EXERCISE INSTRUCTIONS: With all pictures omitted, return verbatim the lines from the beginning of the records below through the line containing "Pictured above, Mount".

MATERIALS PROVIDED:
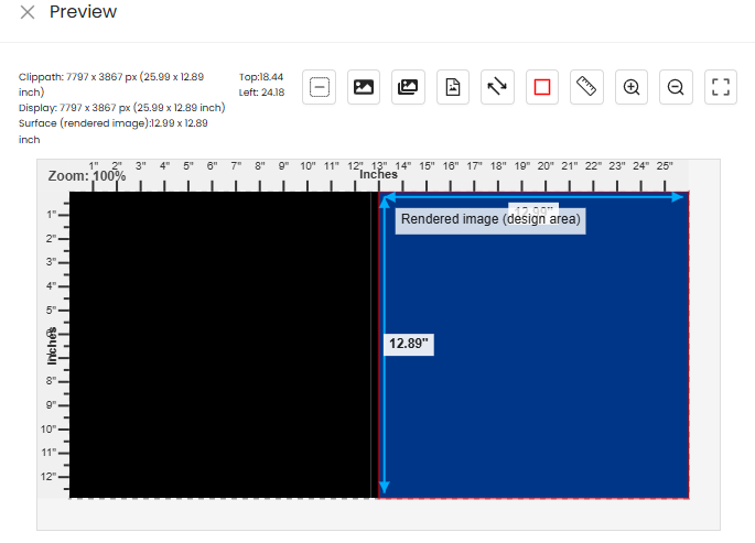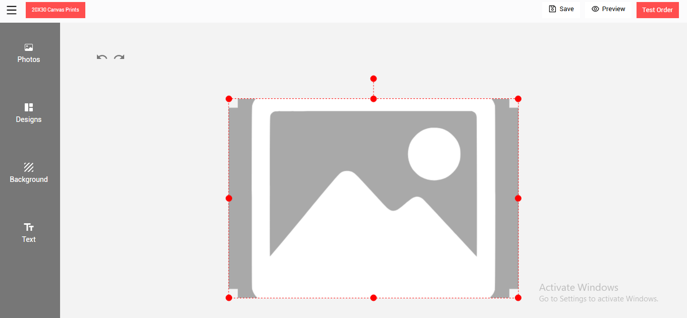 • Image size : Enter image size specs .This image size is the printable image size of the product. Printable output image size. Note : under Image size : as per the image width & height is entered and photo width & height the photo holder will be displayed in the designer.
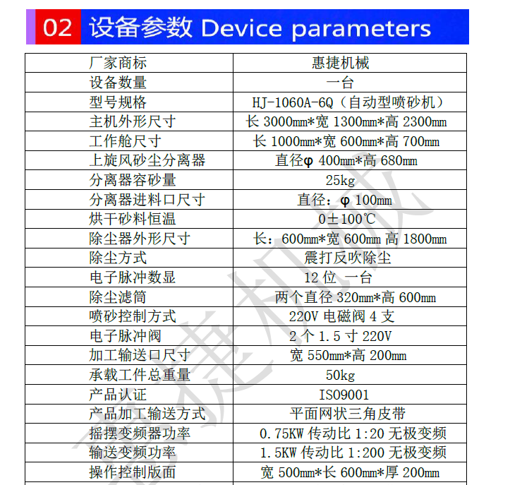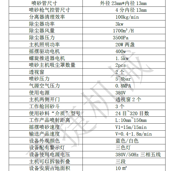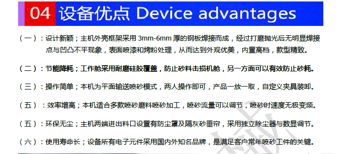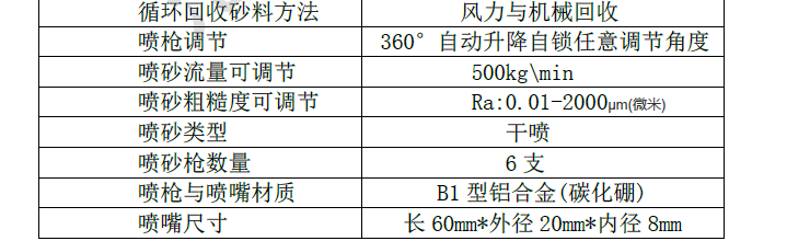 本机配置高,摇摆喷砂抢与输送机构速度快,喷砂产量高,品质好。
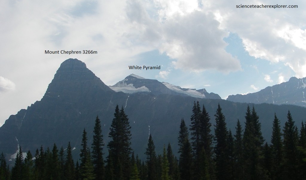 Pictured above, Mount Chephren shows its very distinctive peak, with a steep front but not quite so steep back. Its shape and marked horizontal layering make a landmark that is visible for many kilometers. Mount Chephren is conspicuously layered, with dips inclined very gently toward the west. The lower part is made of quartzites of Lower Cambrian age. Higher up in the peak, the quartzites give way to grey limestone that extends all the way to the tip. We can see a back peak a little to the west, (the White Pyramid), made entirely of the grey limestones that slope gently westward, consistent with those in the tip of Chephren itself.
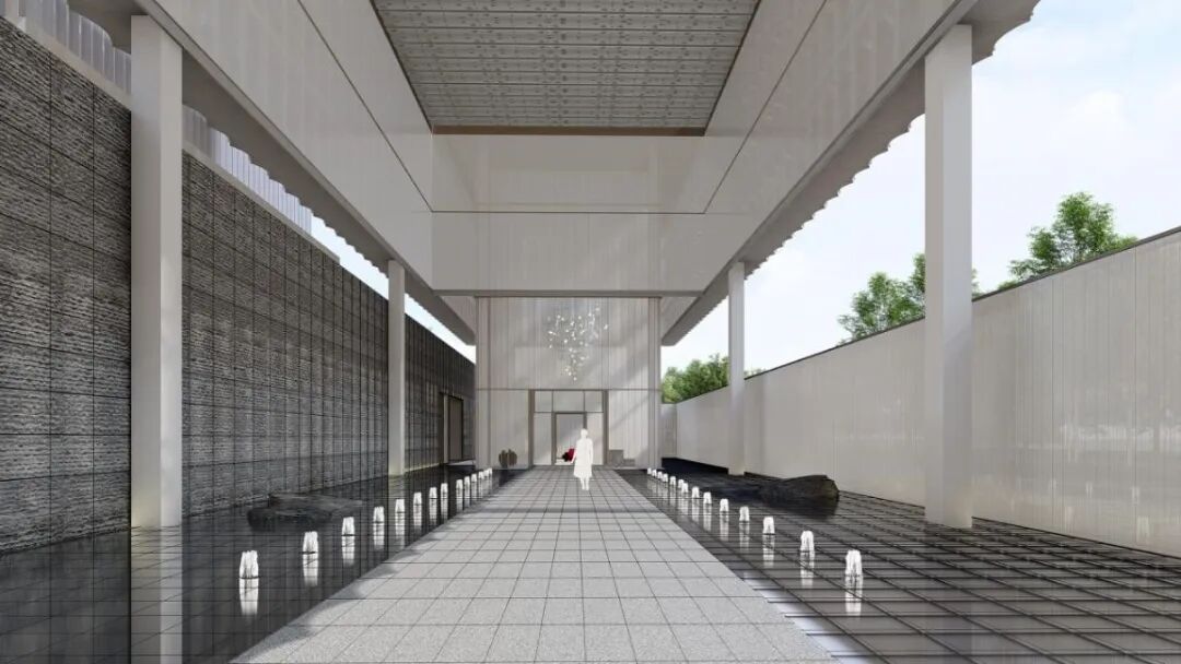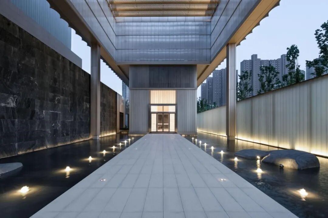 Following the quiet path into the light courtyard, you can see a modern structure with a style of palace in Tang Dynasty. The 16M overhang space and 40M long experience moving line run through with light and shadow as the axis, and the architecture and landscape are inseparable. The experience of this moment is more spiritual and enlightening.
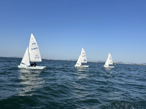 470級に乗り始めて早くも2ヶ月が経ちました。まだまだ慣れない事ばかりで先輩方から新しいことを教わる日々です。その中でも最近では、レースシーズンに向けてスタートに重点を置いた練習に励んでいます。高校時代とは違い、レベルの高い艇団の中でのスタートに苦戦しつつも、1つ1つ改善点を見つけながらベストなスタートができるように試行錯誤しています。
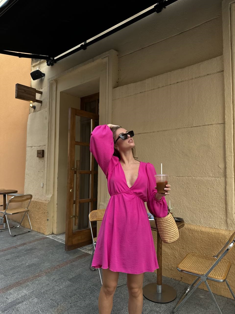 Нежное соблазнительное платье с пышными рукавами+завышенная линия талии фуксия
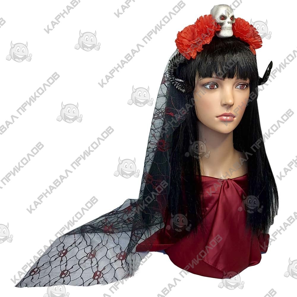 Украшение на голову с рогами Орайя 10240 легко можно создать оригинальный образ. Ободок с цветами и черепом в стиле Santa Muerte на Halloween, эффектно дополнит любой костюм нечести. Эффектное сочетание красных хризантем и белого черепа с маленькими золотыми рогами демона дополненое черной фатой с красными черепами из гипюра, создает загадочный образ Хельи Королевы Мертвых. Предлагаем Вам большой выбор украшений на голову для составления неповторимого образа на День Мертвых в интернет - магазине Карнавал Приколов. Купив Украшение на голову Хэллоуин Вы получаете не только качественный товар, а и 100% позитивных впечатлений от приобретения. Помимо аксессуара для волос, конечно, желателен оригинальный костюм, а также специфический гримм, который Вы можете подобрать на нашем сайте.
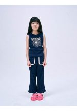 Kids Waffle Flare Pants Navy Cream
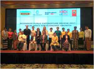 ၂၀၁၇ ခုနှစ်နိုဝင်ဘာလ ၂၁ ရက်နေ့တွင် ကမ္ဘာ့ဘဏ်မှကြီးမှူး၍ အစိုးရအသုံးစရိတ်ပြန်လည် သုံးသပ်မှု ဒုတိယအဆင့်တွင် မြန်မာနိုင်ငံ၏ပြည်သူ့ ဝန်ဆောင်မှုလုပ်ငန်းများနှင့် အခြေခံ အဆောက်အအုံများတိုးတက်ကောင်းမွန်ရေးအတွက် အဓိကလိုအပ်သော ဘဏ္ဍာငွေအသုံးစရိတ်များ ဖြည့်ဆည်းပေးနိုင်ရေး Fiscal space ချဲ့ထွင်မှုအတွက် ရွေးချယ်ဆောင်ရွက်နိုင်သော နည်းလမ်းများကို ဆန်းစစ်ရှာဖွေရေးတို့ပါဝင်သည့် မြန်မာနိုင်ငံ၏ အစိုးရအသုံးစရိတ်ပြန်လည် သုံးသပ်မှုဒုတိယ အဆင့်အစီရင်ခံစာ(၂၀၁၇) မိတ်ဆက်တင်ပြခြင်း အခမ်းအနားတစ်ရပ်အား နေပြည်တော်၊ Hilton Hotelတွင် ကျင်းပပြုလုပ်ခဲ့ပြီးအဆိုပါ အခမ်းအနားသို့ ကမ္ဘာ့ဘဏ်မှ Mr.

EXERCISE ANSWER:
 • Image size : Enter image size specs .This image size is the printable image size of the product. Printable output image size. Note : under Image size : as per the image width & height is entered and photo width & height the photo holder will be displayed in the designer.
 本机配置高,摇摆喷砂抢与输送机构速度快,喷砂产量高,品质好。
 Pictured above, Mount Chephren shows its very distinctive peak, with a steep front but not quite so steep back. Its shape and marked horizontal layering make a landmark that is visible for many kilometers. Mount Chephren is conspicuously layered, with dips inclined very gently toward the west. The lower part is made of quartzites of Lower Cambrian age. Higher up in the peak, the quartzites give way to grey limestone that extends all the way to the tip. We can see a back peak a little to the west, (the White Pyramid), made entirely of the grey limestones that slope gently westward, consistent with those in the tip of Chephren itself.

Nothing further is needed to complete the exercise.